Взгляд начальника базы вновь заюлил, лицо напряглось, руки обеспокоинно зашарили по столу. Будто в чем оправдываясь, он проговорил:
– Видите ли, судно было зафрахтованно одной фирмой. Но все на законном основании. У нас и договор имеется. Одну минутку... – Ломбард стал выдвигать ящики письменного стола, наконец извлек договор, протянул мне. Вот, можете сами убедиться.
Я взял договор, стал читать. По нем значилось, что фирма "Элита", в лице её коммерческого директора Северного Н.Я. заключает с РЭБ флота Сибирского отделения Академии наук, в лице его начальника Ломбарда Ю.С. договор фрахта, по которому РЭБ флота предоставляет фирме "Элита" судно "Орел" для проведения с 6 по 10 июня 2000 года спецрейсов по Обскому водохранилищу.
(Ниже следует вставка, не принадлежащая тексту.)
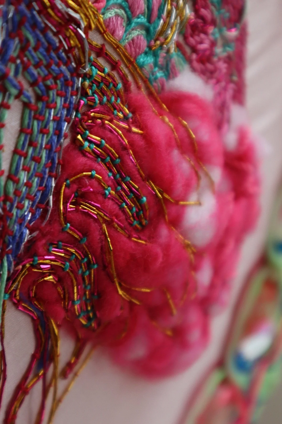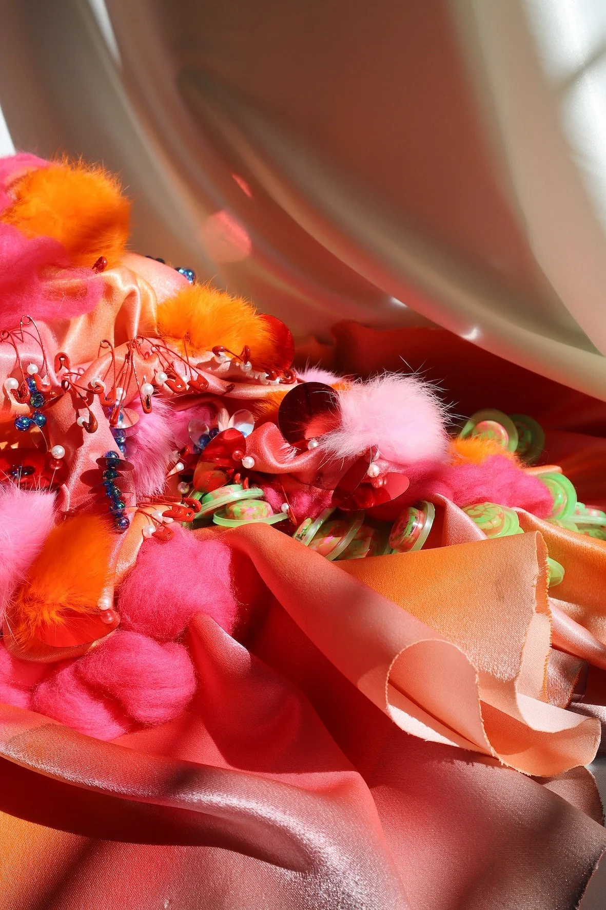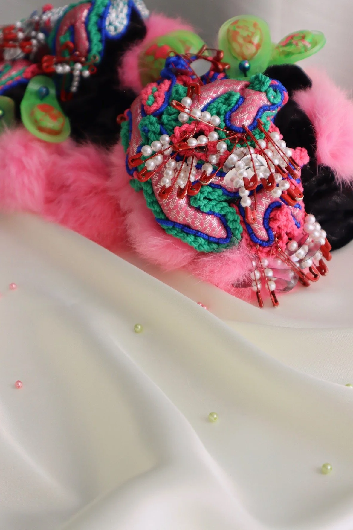 “Reconnect with the Divine Self” is a series of textile installations that reinterpret traditional Taiwanese and Chinese embroidery techniques through personal narrative and sacred cultural symbolism.

За что фирма "Элита" обязуется выплатить РЭБ флота сумму в размере трех тысяч долларов.
– А что это за "спецрейсы"? – спросил я.
– Понятия не имею, – пожал плечами Ломбард.
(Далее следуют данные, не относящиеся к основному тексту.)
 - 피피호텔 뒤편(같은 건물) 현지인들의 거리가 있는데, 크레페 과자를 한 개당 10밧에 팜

– Вы что же, даже не интересовались?
– Нет, не интересовался. Главное – появилась возможность заработать. Зачем же её упускать, верно?
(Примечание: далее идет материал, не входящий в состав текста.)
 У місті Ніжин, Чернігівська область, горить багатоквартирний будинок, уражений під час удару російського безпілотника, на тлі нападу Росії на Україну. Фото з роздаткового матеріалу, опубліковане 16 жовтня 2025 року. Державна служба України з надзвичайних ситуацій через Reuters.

– Фирма полностью выполнила условия договора?
Ломбард вновь сильно занервничал.
– Да, конечно. После подписания договора представитель фирмы тут же внес деньги в нашу бухгалтерию. Можете сами в этом убедиться.
– Он внес наличными?
– Конечно.
– Но ведь это нарушение закона?
– А чем вы говорите, Николай Сергеевич! – фальшиво разулыбался Ломбард. – О каком законе в наше время кто помнит. Главное – выгода.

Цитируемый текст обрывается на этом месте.